Augustus Brandegee (July 12, 1828 – November 10, 1904) was an American lawyer and politician who served in the United States House of Representatives from Connecticut.

Early life
Brandegee was born in New London, Connecticut. He was the son of John Brandegee and Mary Ann Deshon Brandegee.  His father was from a Connecticut family, and relocated to New Orleans cotton broker; he later returned to New London and became active in the whaling industry and other business ventures. Brandegee was educated at Union Academy in New London and Hopkins Grammar School in New Haven.

In 1845 Brandegee entered Yale University, where he was elected membership to Delta Kappa Epsilon and Skull and Bones. He graduated in 1849, and then began studying at Yale Law School.  Brandegee completed his legal studies in the office of Andrew C. Lippitt in 1850, was admitted to the bar in 1851, and began to practice in partnership with Lippitt.

Brandegee was elected to the Connecticut House of Representatives in 1854. Although a young member of the House, he was selected as a member of the important judiciary committee. He was also chairman of the select committee to manage the "bill for the defense of liberty," which was aimed at preventing the enforcement of the Fugitive Slave Law in Connecticut. Later, Brandegee chaired the committee which oversaw passage of Connecticut's version of the Maine liquor law, which prohibited the sale of alcoholic beverages.

From 1857 to 1859, Brandegee served as Judge of New London's city court. During this time he became a popular speaker in favor of abolishing slavery, and he delivered speeches at locations throughout Connecticut. In 1860, he was chosen as one of Connecticut's electoral college members, on the Republican ticket headed by former Governor Roger Sherman Baldwin; Abraham Lincoln carried Connecticut, and the electors cast their ballots for Lincoln for president and Hannibal Hamlin for vice president.

Brandegee was again elected to the Connecticut House as a Republican in 1858. He was reelected in 1859, but declined the office because of the death of his father.
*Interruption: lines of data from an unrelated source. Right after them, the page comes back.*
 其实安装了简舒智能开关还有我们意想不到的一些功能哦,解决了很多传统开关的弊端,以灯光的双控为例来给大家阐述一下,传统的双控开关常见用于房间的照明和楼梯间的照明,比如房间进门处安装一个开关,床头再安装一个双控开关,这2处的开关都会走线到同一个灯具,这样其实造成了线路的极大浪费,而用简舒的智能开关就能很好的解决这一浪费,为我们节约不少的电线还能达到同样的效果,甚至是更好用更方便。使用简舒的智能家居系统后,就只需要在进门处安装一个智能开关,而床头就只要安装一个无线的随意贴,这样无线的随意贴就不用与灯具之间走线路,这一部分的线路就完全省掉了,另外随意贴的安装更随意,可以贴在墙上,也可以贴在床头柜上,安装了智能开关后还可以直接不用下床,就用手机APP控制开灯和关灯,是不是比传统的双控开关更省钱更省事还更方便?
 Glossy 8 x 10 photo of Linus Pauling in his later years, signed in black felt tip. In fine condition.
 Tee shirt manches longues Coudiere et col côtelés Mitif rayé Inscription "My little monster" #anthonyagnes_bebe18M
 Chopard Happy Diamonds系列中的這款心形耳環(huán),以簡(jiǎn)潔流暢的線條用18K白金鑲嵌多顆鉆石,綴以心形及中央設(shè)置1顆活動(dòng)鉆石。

The following year he was elected to the House again, this time being chosen as Speaker of the House. During this first "War" session of the House, Brandegee managed to keep favor with both Democrats and Republicans. At the end of the year, fellow Bonesman and the leader of the Democrats in the House, Henry C. Deming presented him with a silver service as a token of appreciation for his impartiality.

At the start of the Civil War, Brandegee was active in supporting the Union cause. He traveled all over Connecticut addressing meetings, raising troops and arousing public sentiment.
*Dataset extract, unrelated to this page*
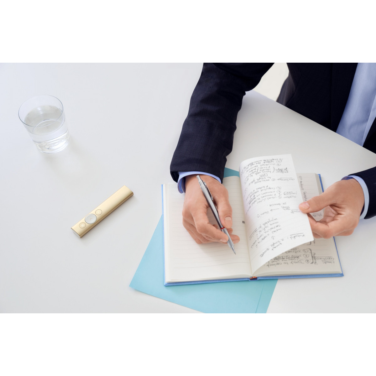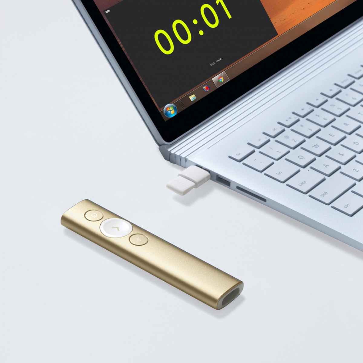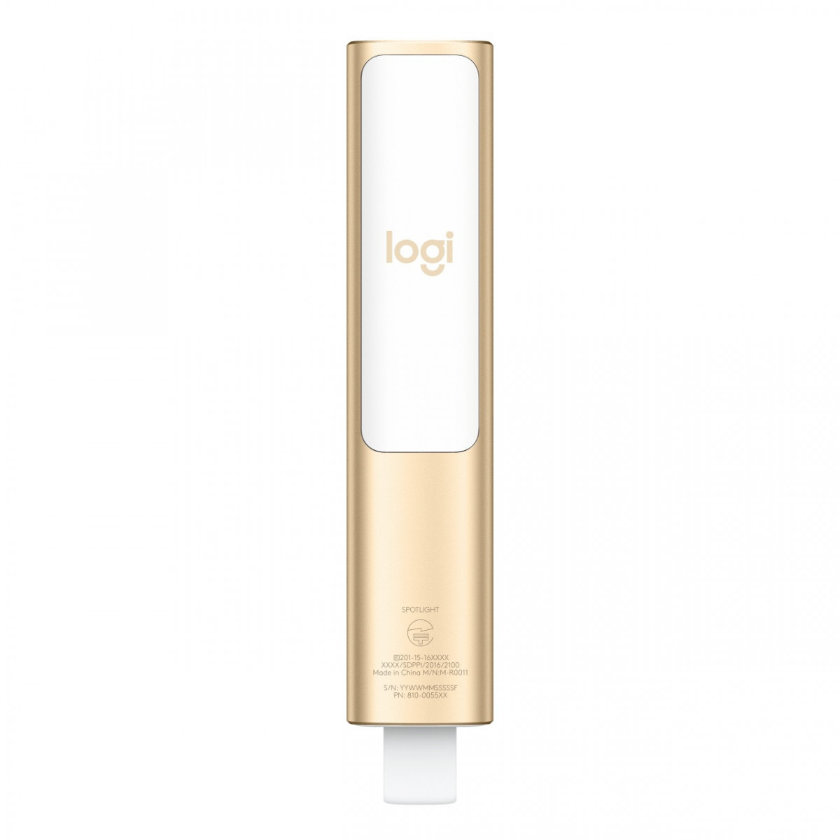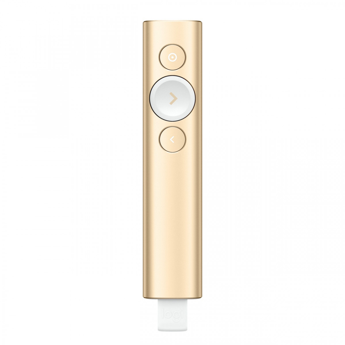 Logitech Spotlight. Tecnologia wireless: Bluetooth/RF, interfaccia ricevitore senza fili: USB, Banda di frequenza: 2.4 GHz. Tecnologia batteria: Polimeri di litio (LiPo). Colore del prodotto: Oro, funzioni di presentazione: Telecomando. Larghezza: 28,1 mm, Profondità: 12,1 mm, Altezza: 131,3 mm. Sistema operativo Windows supportato: Windows 10 Education,Windows 10 Education x64,Windows 10 Enterprise,Windows 10 Enterprise..., Compatibilità sistema operativo Mac: Mac OS X 10.10 Yosemite,Mac OS X 10.11 El Capitan,Mac OS X 10.12 Sierra

United States House of Representatives
In 1862 he was elected to Congress from the 3rd district of Connecticut. Although the youngest member of the House, he was selected as a member of the House Committee on Naval Affairs, and later the Military Affairs Committee. Brandegee was also on the Committee on Naval Accounts, and Chairman of a Special Committee on constructing a post office and military route from New York City to Washington, D.C.

Respected as an ardent abolitionist as well as a friend of President Abraham Lincoln, he and a fellow Representative, Democrat James E. English of New Haven voted in favor of the momentous 13th Amendment in 1864 that outlawed slavery; Steven Spielberg's 2012 film Lincoln erroneously depicts them as two Connecticut Democrats with fictional names voting against the amendment.

Also in 1864, Brandegee was a member of the Connecticut delegation to the National Republican Convention in Baltimore, which re-nominated President Lincoln, and nominated Andrew Johnson for the Vice Presidency. Brandegee continued in Congress throughout the Reconstruction Era. In 1866 he attended the National Union Convention at Philadelphia. He did not stand for reelection to Congress in 1866, and his term expired in March 1867.

Post Civil War
In 1871, Brandegee was nominated for the office of Mayor of New London. He won and served a single two-year term. He was Chairman of the Connecticut delegation to the Republican National Conventions of 1880 and 1884.

In 1892 he was a founding partner of Noyes & Brandegee, which was one of the leading law firms in New London. After his service as Mayor his fellow Republicans had tried to convince him to run for Governor or Senator, but Brandegee declined any further elected offices, although he served as Corporation Counsel of New London in 1897 and 1898.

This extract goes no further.